Now for my youngest son.  He’s young but it is easy to tell he is going to be the wild one.  He is a physically strong little guy that always on the move.  He’s not scared to fall flat on his face and get right back up again.  If I were to guess, he might be the one that excels at sports.  Now that I think about it, the two of them kind of remind me of the Maclean brothers from “A River Runs Through It.”  Only time will tell however.
The youngest son would be the one in the front and the oldest would be the freaked out one in the back.
While I have had longer to put my “fishing stamp” on the oldest boy, I wanted to make sure the younger received a different yet equal influence.  I am reading the youngest novels like I did the first son, but at a lesser rate unfortunately because of time and increased responsibilities.  Instead, I decided to start a little project for him.  Before he was born, I saw a tackle/tool box at a hardware store.  I immediately bought it not even sure what I was going to use it for.  It sat in my garage for a few days while I contemplated my next move and then it came to me.  If this kid is going to be hands-on and of a kinesthetic modality, then he should have something befitting a personality like as such. 
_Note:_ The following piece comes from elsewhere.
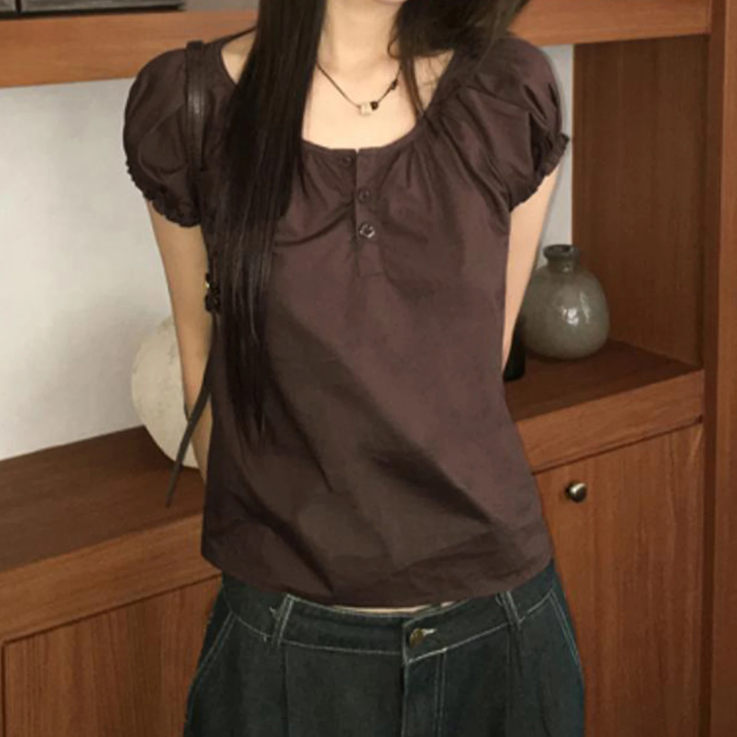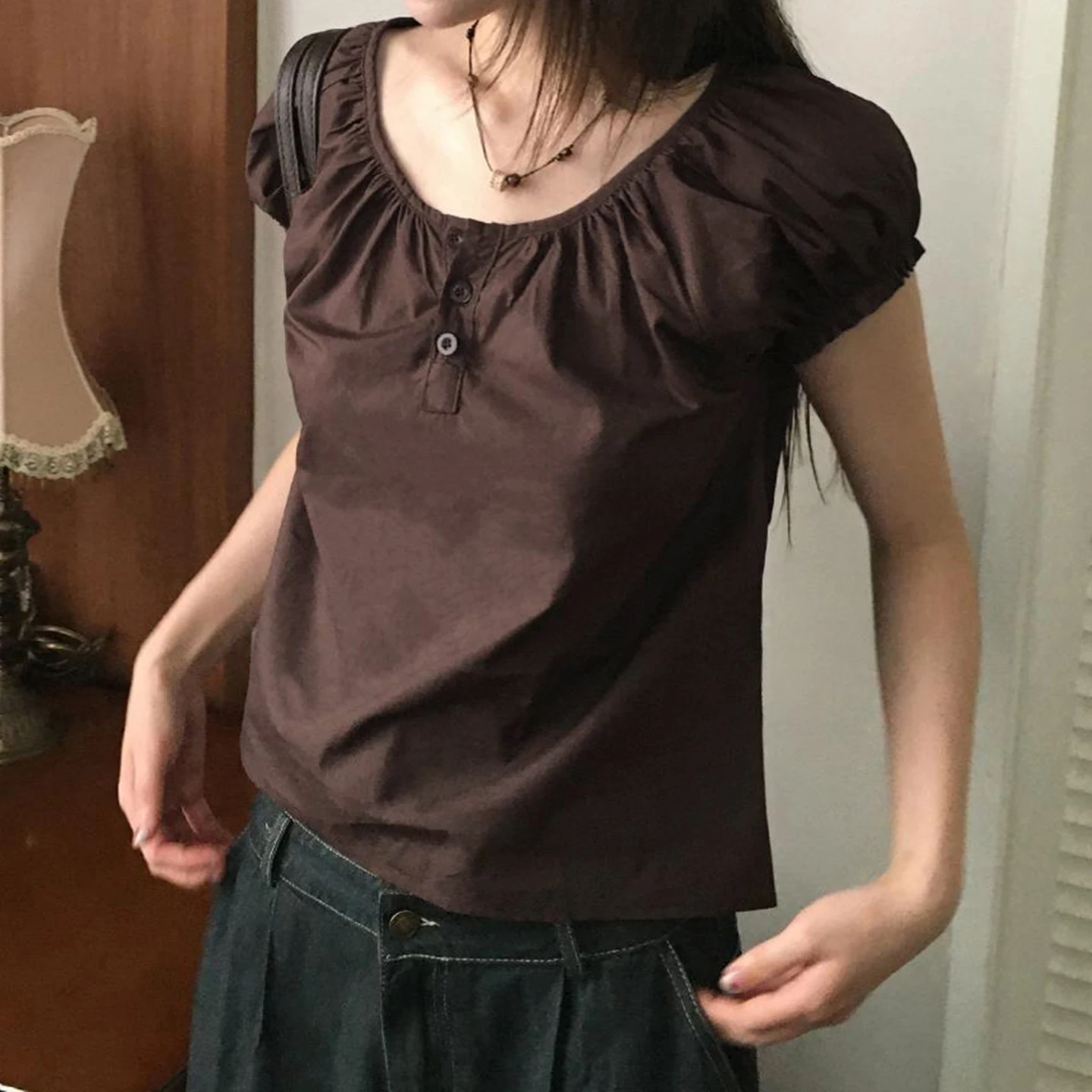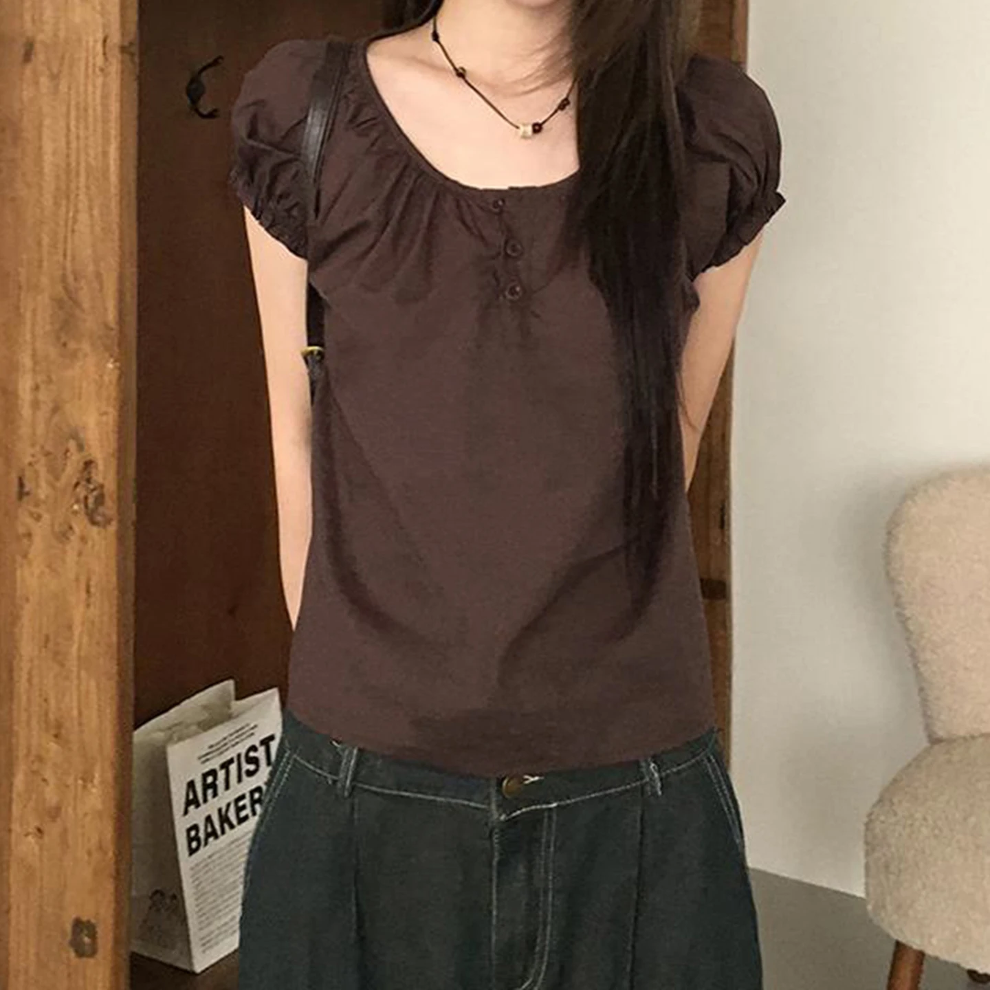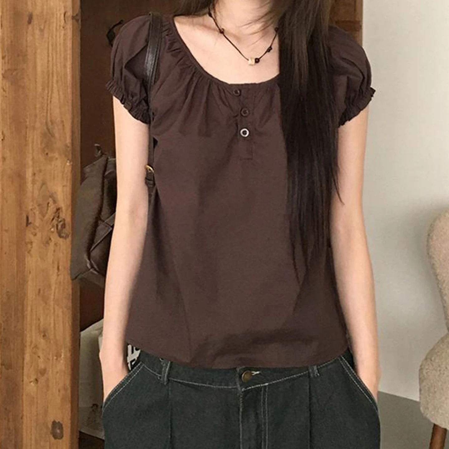 Ruffled Crew Neck Short Sleeve T-Shirt Solid Color Slim Casual Top Simple Stylish Daily Wear for Women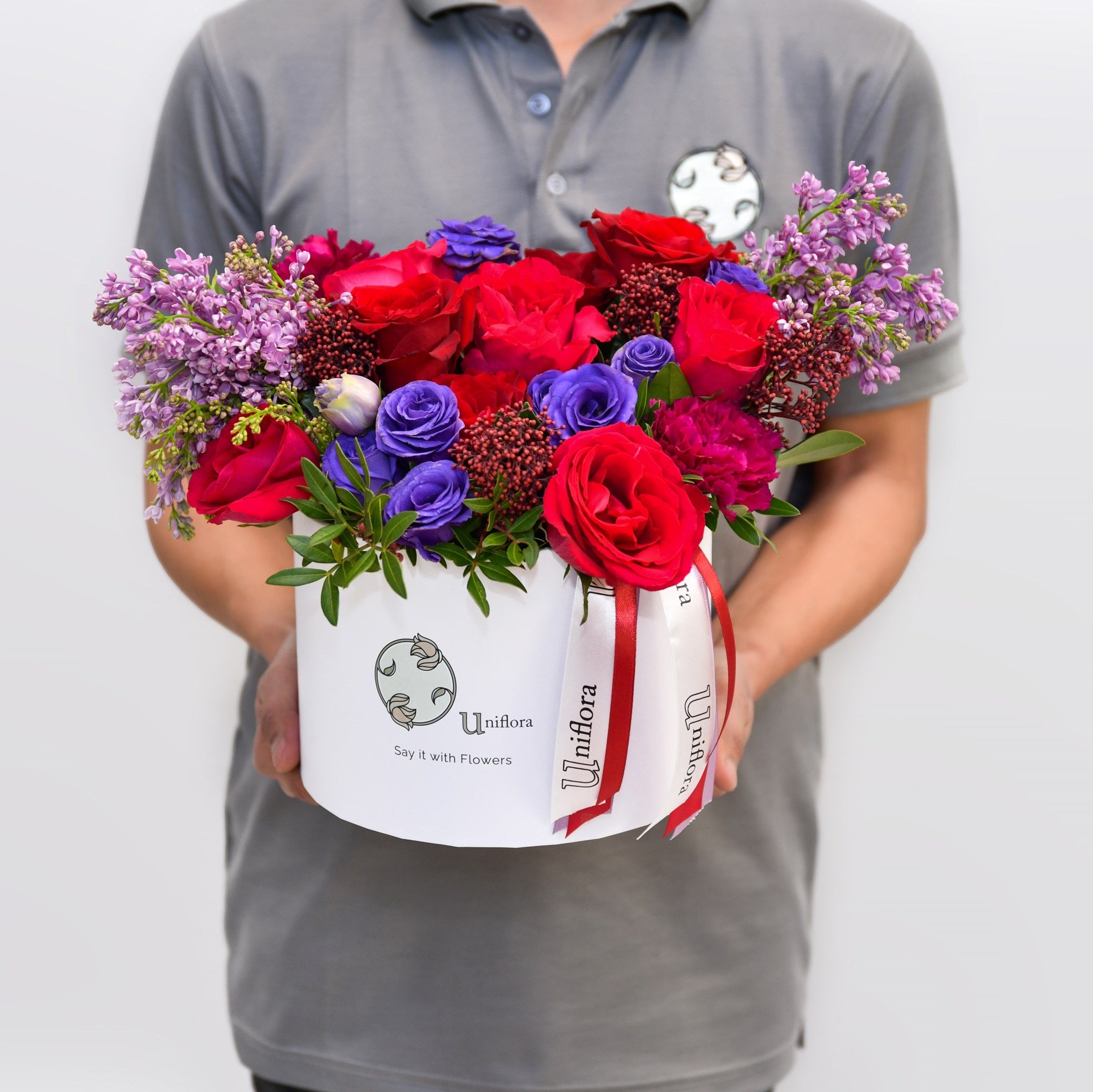 تحتوي على : 4 قرنفل أرجواني، 6 ورد وردي فوشيا، 7 ورود حمراء، 4 سرنجة، 5 ليسانثوس، سكيميا، أوراق الفستق.

I started to go through old tackle boxes to find my tried and true fishing lures.  I ran across one of the first antler sheds I ever found.  I found things that reminded me of his great grandpas and items from my youth.  While the box is not full, it is slowly rising to the brim.  Accompanying all of the objects is a makeshift “key”.  The origin and importance of each item is described as well as how it might serve him well in life.  For example, I wrote on a piece of paper that the antler shed was found after five years of hunting and after years of failure, my persistence was rewarded.  I guess I look at this project like a fisherman or carpenter looks at a tackle/tool box.  There are different tools in the box that have different applications and are useful in different situations.  Like my first son, I hope that he can draw from these tools and use them in his life when he needs them.

There is one last tradition that I have started with my youngest son as well.  The oldest boy didn’t have a way to display his growth until he was about four.  We started marking his height on a wall in the house not too long ago as well as on a large ruler that is taped to the wall of his bedroom.  I felt bad that it took so long to get around to something like this and I vowed to not let the younger boy have the same experience.  So I started to think about what I could use to measure his growth.  I needed something tall, but not cumbersome.  I needed something that wouldn’t get tossed out or leave permanent scaring on drywall.  I needed something portable, yet elegant.  Well low and behold I had a fly rod sitting around that fit the bill…unless he grows to be over nine feet tall.  It’s nothing fancy, in fact I bought it as a “back-up” rod to take on fishing trips in case a good fly rod broke.  I marked his length at birth on the rod with a silver sharpie and will update it on every birthday until he is full grown or decides he wants to take up fly fishing.  My hope is that he will grow up to use that rod one day (or at least keep it as a memento) and will show him how he has grown both literally and metaphorically.